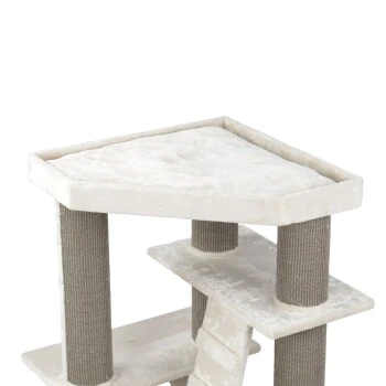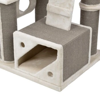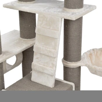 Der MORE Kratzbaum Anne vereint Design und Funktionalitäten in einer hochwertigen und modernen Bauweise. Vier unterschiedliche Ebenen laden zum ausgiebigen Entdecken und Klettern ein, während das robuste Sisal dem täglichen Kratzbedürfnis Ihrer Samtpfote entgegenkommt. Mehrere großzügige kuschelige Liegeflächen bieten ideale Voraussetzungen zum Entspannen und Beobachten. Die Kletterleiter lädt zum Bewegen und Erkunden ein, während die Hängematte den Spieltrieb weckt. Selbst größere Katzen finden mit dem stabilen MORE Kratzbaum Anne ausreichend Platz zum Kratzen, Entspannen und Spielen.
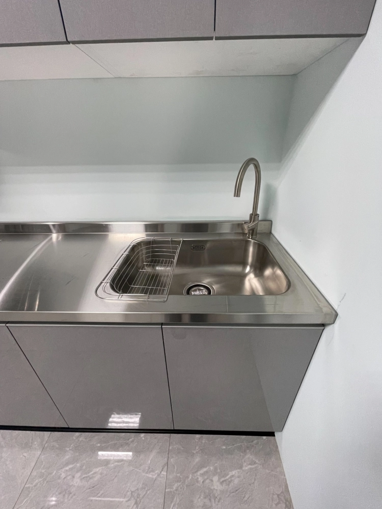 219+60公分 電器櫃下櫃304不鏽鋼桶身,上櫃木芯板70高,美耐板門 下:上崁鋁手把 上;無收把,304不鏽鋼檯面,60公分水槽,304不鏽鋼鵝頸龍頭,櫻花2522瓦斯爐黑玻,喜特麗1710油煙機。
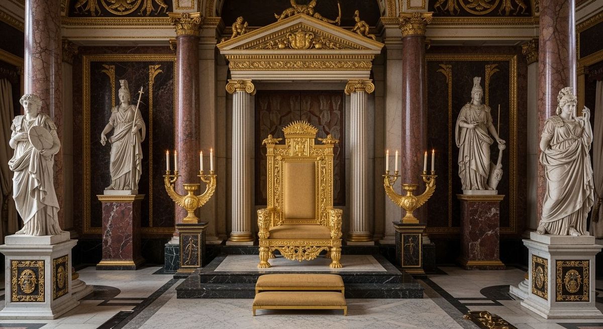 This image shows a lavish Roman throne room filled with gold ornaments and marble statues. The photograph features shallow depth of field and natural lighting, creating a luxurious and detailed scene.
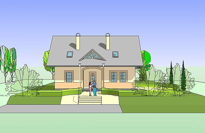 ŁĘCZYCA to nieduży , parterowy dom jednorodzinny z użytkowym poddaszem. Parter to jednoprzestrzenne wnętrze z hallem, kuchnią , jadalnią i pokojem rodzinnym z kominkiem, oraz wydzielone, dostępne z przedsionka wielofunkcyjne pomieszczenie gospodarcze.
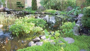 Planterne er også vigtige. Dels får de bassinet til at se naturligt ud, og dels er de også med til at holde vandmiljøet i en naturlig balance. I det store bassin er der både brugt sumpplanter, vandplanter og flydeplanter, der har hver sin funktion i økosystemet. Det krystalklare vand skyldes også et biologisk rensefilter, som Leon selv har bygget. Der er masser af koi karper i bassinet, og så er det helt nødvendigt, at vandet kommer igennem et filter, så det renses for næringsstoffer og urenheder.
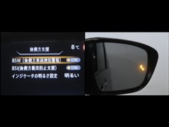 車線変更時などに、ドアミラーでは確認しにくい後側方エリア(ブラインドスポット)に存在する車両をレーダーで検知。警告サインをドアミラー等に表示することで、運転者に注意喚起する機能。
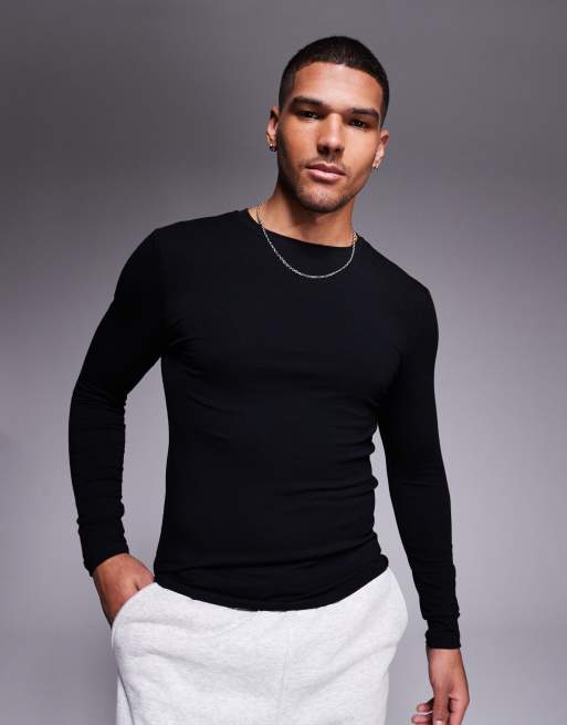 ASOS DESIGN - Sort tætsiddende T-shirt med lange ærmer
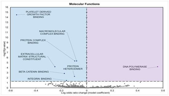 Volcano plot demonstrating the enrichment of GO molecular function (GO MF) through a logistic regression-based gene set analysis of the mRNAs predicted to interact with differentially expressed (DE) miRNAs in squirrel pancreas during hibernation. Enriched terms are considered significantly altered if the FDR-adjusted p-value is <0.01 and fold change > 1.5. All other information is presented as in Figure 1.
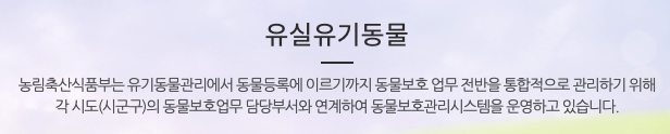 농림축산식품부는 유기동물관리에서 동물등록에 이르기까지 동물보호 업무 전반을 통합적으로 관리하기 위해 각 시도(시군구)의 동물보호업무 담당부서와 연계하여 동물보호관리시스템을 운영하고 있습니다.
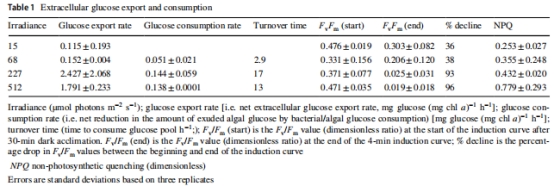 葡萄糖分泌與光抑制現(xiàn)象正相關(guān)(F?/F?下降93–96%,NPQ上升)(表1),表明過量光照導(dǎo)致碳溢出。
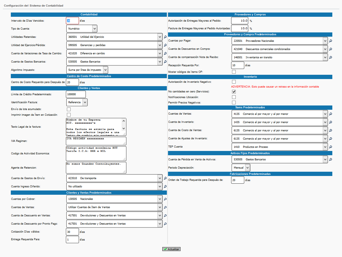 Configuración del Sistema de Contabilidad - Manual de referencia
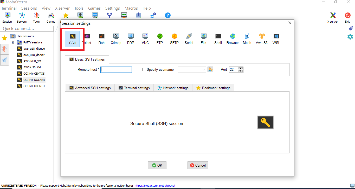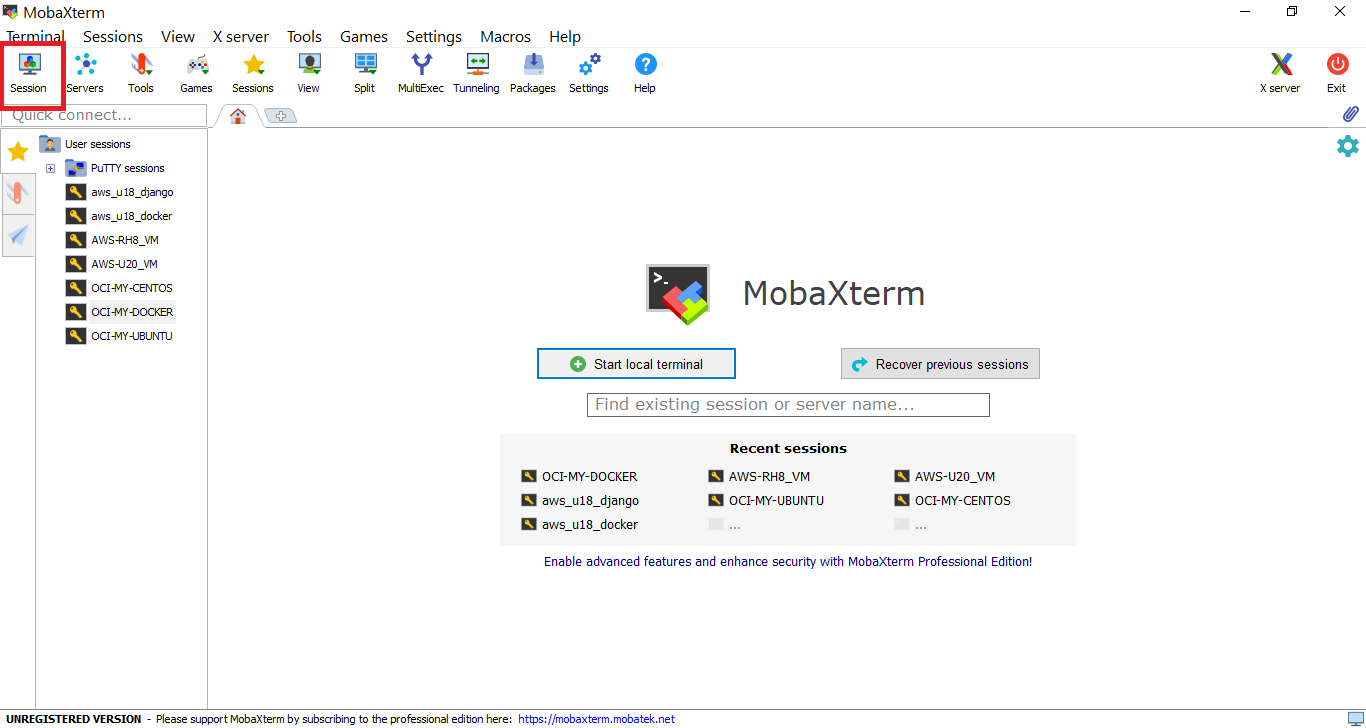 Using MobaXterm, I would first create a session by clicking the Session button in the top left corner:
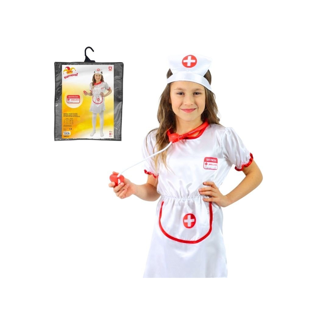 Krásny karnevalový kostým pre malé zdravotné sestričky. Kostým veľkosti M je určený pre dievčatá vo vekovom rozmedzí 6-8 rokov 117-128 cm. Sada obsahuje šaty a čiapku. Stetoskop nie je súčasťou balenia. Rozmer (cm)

==================================================

__Task prompt__
Return exactly the lines of the data, beginning with the first and ending with the line containing "219+60公分 電器櫃下櫃304不鏽鋼桶身,上櫃木芯板70高,美耐板門 下:上崁鋁手把". Skip the pictures.

__Written solution__
 Der MORE Kratzbaum Anne vereint Design und Funktionalitäten in einer hochwertigen und modernen Bauweise. Vier unterschiedliche Ebenen laden zum ausgiebigen Entdecken und Klettern ein, während das robuste Sisal dem täglichen Kratzbedürfnis Ihrer Samtpfote entgegenkommt. Mehrere großzügige kuschelige Liegeflächen bieten ideale Voraussetzungen zum Entspannen und Beobachten. Die Kletterleiter lädt zum Bewegen und Erkunden ein, während die Hängematte den Spieltrieb weckt. Selbst größere Katzen finden mit dem stabilen MORE Kratzbaum Anne ausreichend Platz zum Kratzen, Entspannen und Spielen.
 219+60公分 電器櫃下櫃304不鏽鋼桶身,上櫃木芯板70高,美耐板門 下:上崁鋁手把 上;無收把,304不鏽鋼檯面,60公分水槽,304不鏽鋼鵝頸龍頭,櫻花2522瓦斯爐黑玻,喜特麗1710油煙機。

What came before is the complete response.